In this study, the prevalence of osteoporosis and osteopenia among 70 Syrian women attending the densitometry unit at Damascus hospital was 19% and 43%, respectively. This finding was slightly lower than a previous study in Syria in 2019 [14] that included 813 postmenopausal women, which reported a prevalence rate of 24% for osteoporosis and 45% for osteopenia.
The incidence of osteoporosis in our study was higher than that reported in Saudi Arabia [15] (6.5%), Kuwait [16] (12.5%), and the United States of America [17] (15.4%). And lower than in India [18] (53%), and Italy [19] (20.2%). This inconsistency in findings may be related to differences in study design, study sample, bone scan site chosen, diagnostic technique, in addition osteoporosis considered a wide complex pathogenic disease.
This inconsistency in findings may be related to differences in study design, study sample, bone scan site chosen, and diagnostic technique. In addition, osteoporosis is considered a wide-ranging and complex pathogenic disease.[18] study.
Our study showed an association between the nulliparous group and the risk of developing osteopenia or osteoporosis (p = 0.0442). BMD in the nulliparous group was lower than that of those with 1–3 pregnancies and those with 4 pregnancies or more. The probability of having osteoporosis in nulliparous women was nearly nine times greater than in women with 1–3 pregnancies and also fourteen times greater than in women with 4 pregnancies or more.

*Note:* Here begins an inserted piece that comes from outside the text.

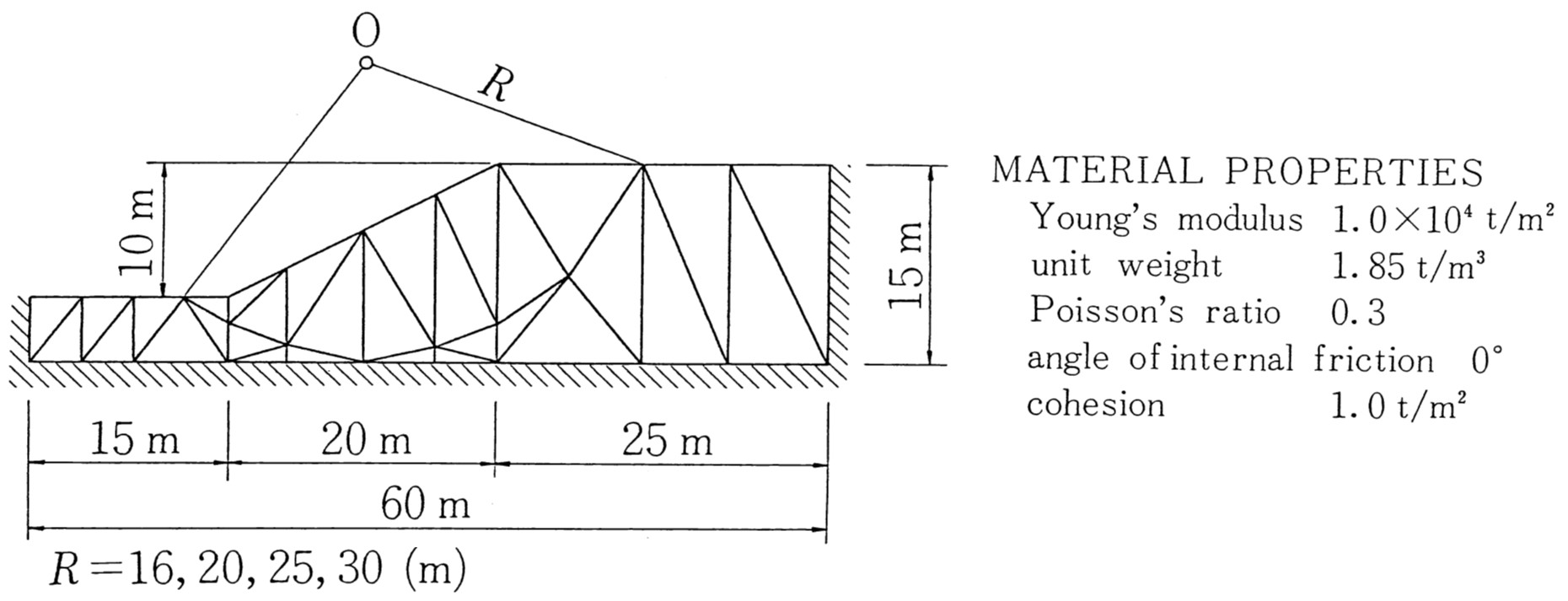 図5.10に示すような斜面を考え、半径 $R$ を変えることにより、安全率がどのように変化するか調べてみる。半径 $R$ は図に示すよう、$16、20、25、30 \; {\rm (m)}$ の4通りとした。要素分割ならびに境界条件については図に示す通りである。

Overall, knowledge of the relationship between BMD and the number of pregnancies is controversial. Our study is consistent with a study in Saudi Arabia [20] that included 256 women and reported that women with 6 pregnancies and more were at less risk of developing osteopenia than those with 5 pregnancies and less. On the other hand, a study in Turkey [21] found that BMD in women with 5 or more pregnancies was lower than in women who were nulliparous.

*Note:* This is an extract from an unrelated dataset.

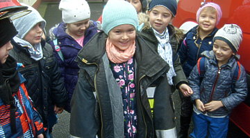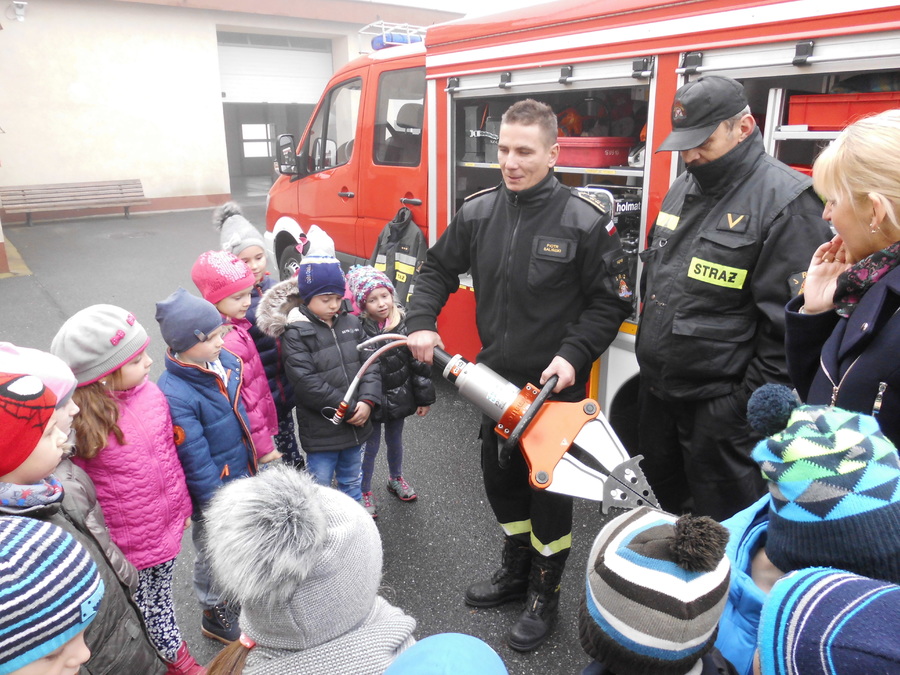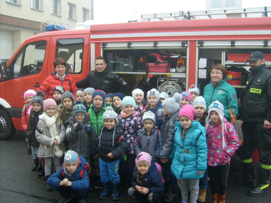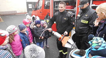 - Wizyta w Zawodowej Straży Pożarnej, w której to aspirant sztabowy Piotr Baliński bardzo ciekawie opowiadał i oprowadzał po znajdujących się w budynku pomieszczeniach. Największym zainteresowaniem przedszkolaków cieszył się garaż i znajdujące się w nim pojazdy strażackie a szczególnie ten największy z rozsuwaną drabiną i koszem. Przez kilka chwil dzieci przymierzając ubrania i sprzęty mogły poczuć się jak prawdziwi Strażacy. Organizatorami wycieczki były nauczycielki przedszkola Panie Aneta Jędryca i Mariola Bednarek przy wsparciu rodziców z obu grup przedszkolnych.

Epidemiologic studies have shown that a 10% increase in peak bone mass (PBM) at the population level reduces the risk of fracture later in life by 50%, Race, gender, and family history (genetics) are responsible for the majority of PBM [22].

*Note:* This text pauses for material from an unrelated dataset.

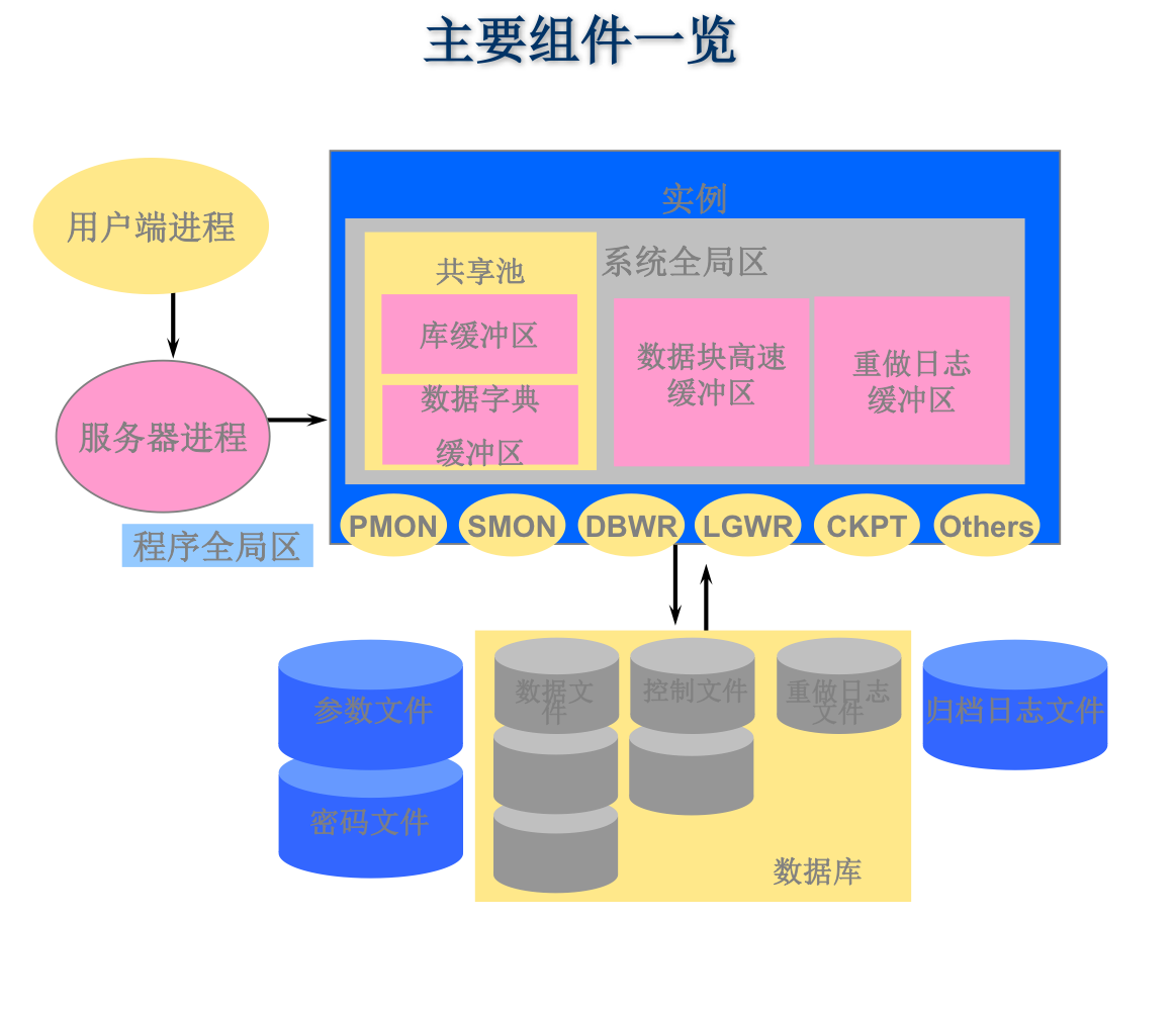 - Oracle系统体系结构由三个部分组成:**实例、物理结构和逻辑结构**

Our study showed an important association between the positive family history of osteoporosis in first degree relatives and the prevalence of osteopenia or osteoporosis, as 82% of positive family history women were osteoporotic. This result is consistent with a study in Italy, where the percentage of patients (men and women) who had a history of fragile fractures with a family history of osteoporosis was (26.1%) compared to 17.3% of patients with no family history of osteoporosis. Contrary to the Syrian study of 2019 [14] which didn’t find an association with positive family history, Based on dietary intakes of calcium-rich foods, we classified women into low-calcium diet and normal calcium diet groups. The results showed that women with a low-calcium diet had less BMD, and that is consonant with Jorden's 2017 [23] study, which found a correlation between low intake of calcium (< 600 mg/day) in postmenopausal women and osteoporosis. The Saudi 2014 [15] study found similar results.
Appropriate exposure to the sun as the main non-nutrition source of vitamin D is important as a prevention factor for osteoporosis. In our study, women who were rarely exposed to the sun were nearly at 15 times more risk of developing osteopenia or osteoporosis than those with 1 hour or more of exposure to the sun during the day. And according to a Jordanian study [23] included 1079 postmenopausal women, low sun exposure increases the risk of osteoporosis two and a half times. Similar findings in Italy's 2016 [19] study.
Rheumatoid Arthritis (RA) is a systemic chronic inflammatory disease and has been classically considered an important comorbidity of osteoporosis. The prevalence of osteoporosis in RA is around 30% (up to 50% in post-menopausal women), which might be a two-fold increase over the general population [24]. In a large cohort study, the prevalence of osteopenia and osteoporosis in patients with RA using the Vertebral Fracture Assessment (VFA) technique was around 40–60%, while the prevalence of vertebral fractures through VFA images in the same cohort was 13% [25]. In terms of medical history, we found a statically significant relationship between RA and osteopenia/osteoporosis (p = 0.0271), and it is consistent with a study in Italy [19] that estimated RA patients (men and women) having a fragile fracture percentage of 2.38%, and it was statically significant (p < 0.01). This study failed to find any significant association between osteoporosis and age at menarche or years following menopause, unlike the Syrian 2019 study [14], where there was a significant association between years following menopause and developing osteopenia/osteoporosis.